- _Task goal_: Your copy should hold the lines below from the first through the one that contains "Prabhu Deva is", each retyped exactly, and no pictures.

- _Raw data_:
::::::::::
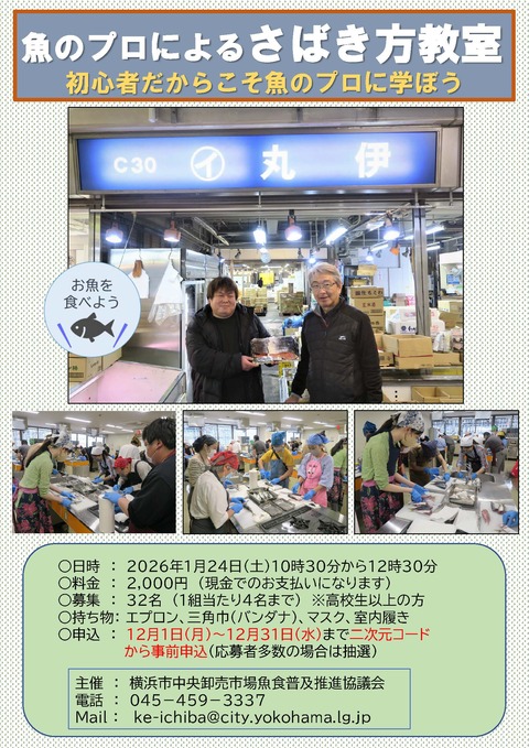 2026年 | 魚のプロによる | 横浜市電子申請システム(外部サイト)から申込 ※応募者多数の場合は、抽選となります。 ※抽選の結果は、連絡いたします。 |
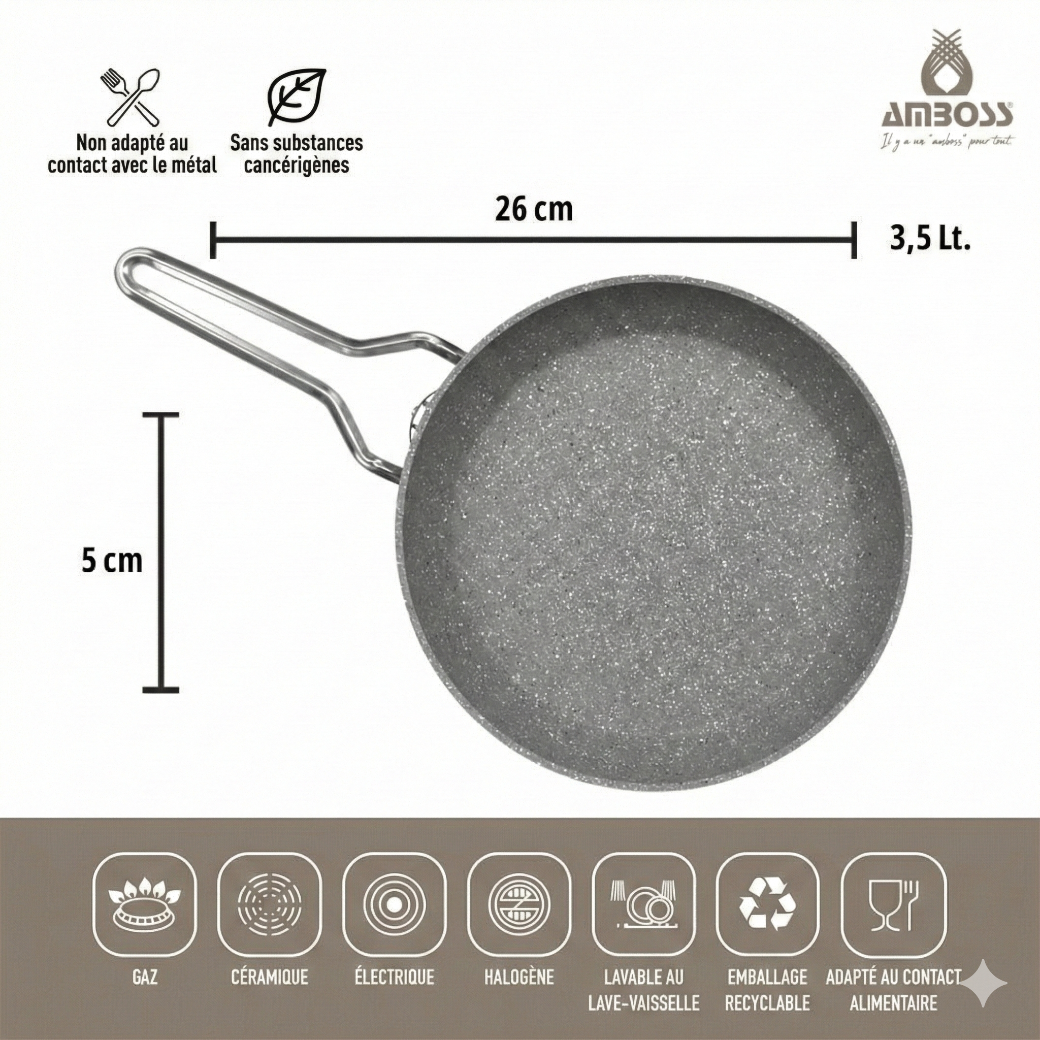 Casserole peu profonde de 26 cm : Idéale pour faire sauter et frire.
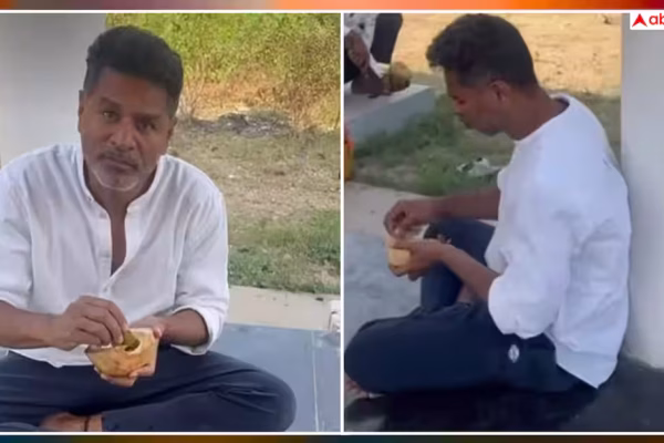Prabhu Deva is living a simple life in a village house, the actor was seen sitting on the floor eating coconut cream, a glimpse of ‘village life’ shown in the video
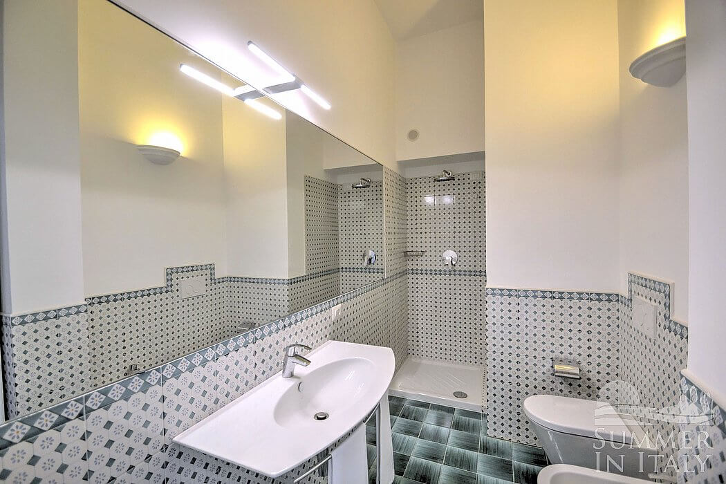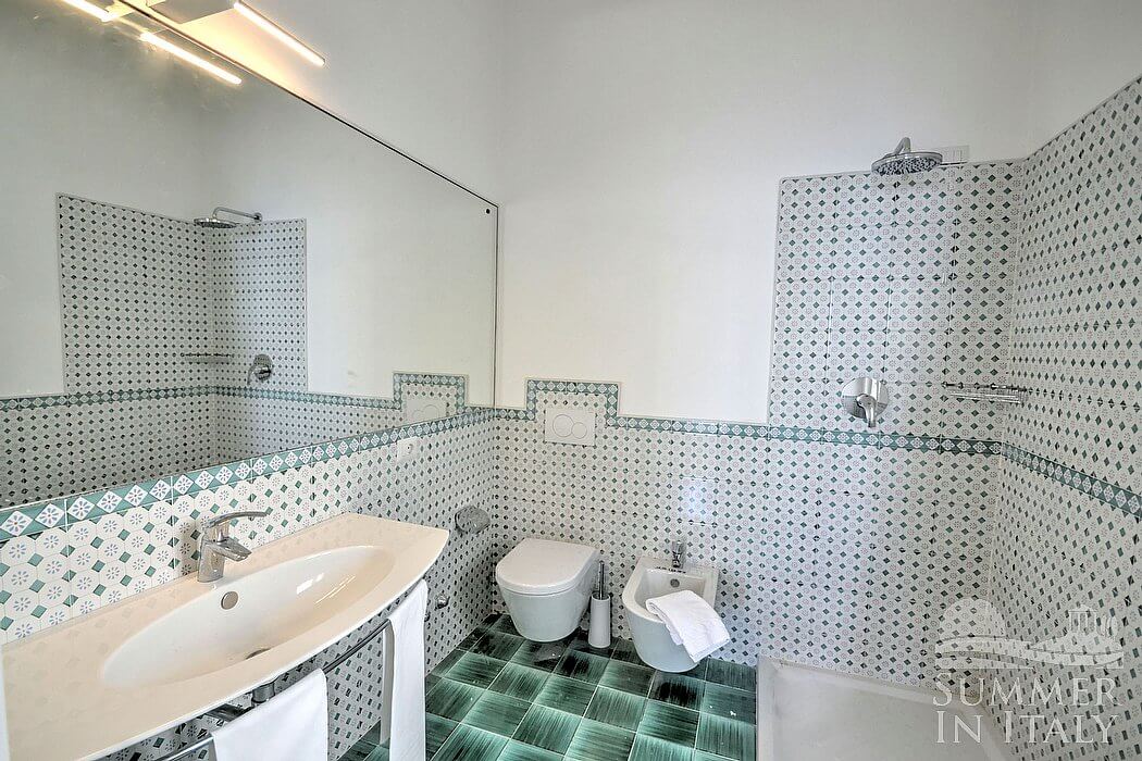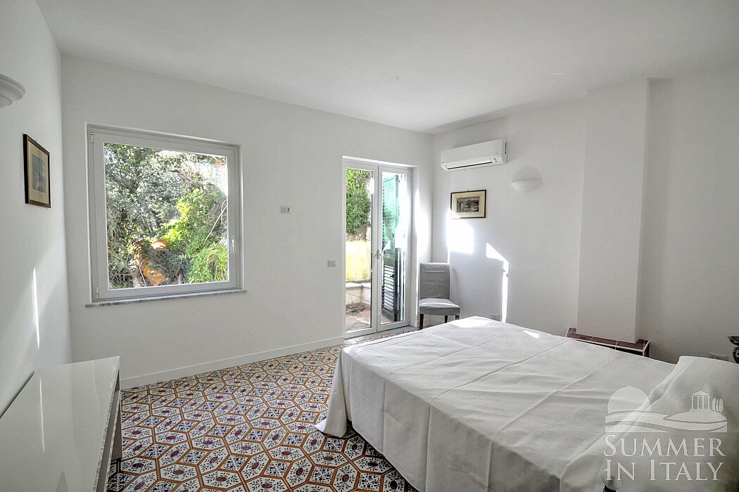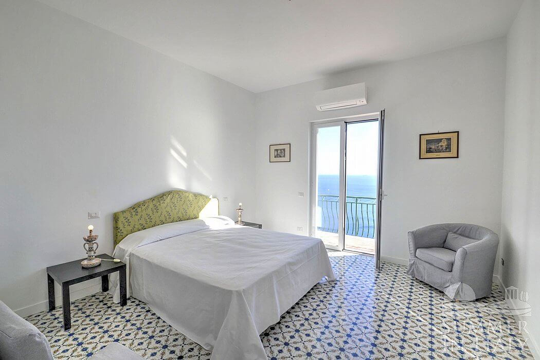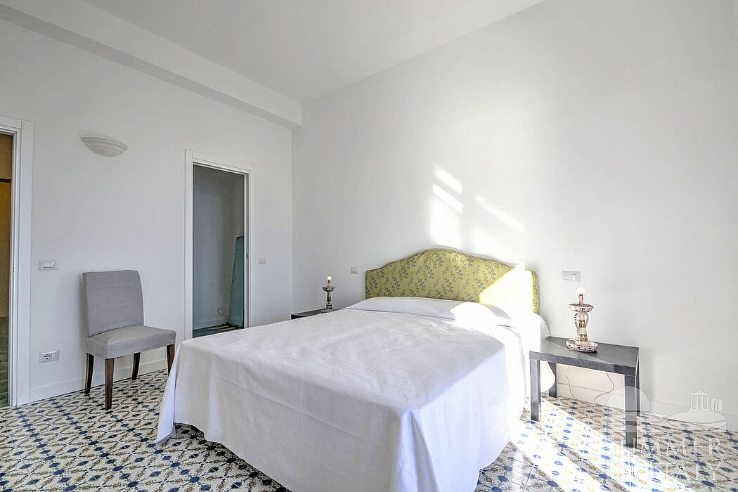 You will be able to enter the first bedroom through a corridor. The bedroom has a matrimonial bed (160 cm/62 inches, wider than a queen-size bed). In this room you will find a satellite television (local channels). From the bedroom you will be able to enter the terrace with a view of the sea and of the coast of Amalfi through a French door. The bedroom is equipped with an air conditioning/heating unit. This bedroom has an en-suite bathroom, equipped with a washbasin, a toilet, a fully enclosed shower and a hairdryer.
::::::::::
- _Your response_:
 2026年 | 魚のプロによる | 横浜市電子申請システム(外部サイト)から申込 ※応募者多数の場合は、抽選となります。 ※抽選の結果は、連絡いたします。 |
 Casserole peu profonde de 26 cm : Idéale pour faire sauter et frire.
Prabhu Deva is living a simple life in a village house, the actor was seen sitting on the floor eating coconut cream, a glimpse of ‘village life’ shown in the video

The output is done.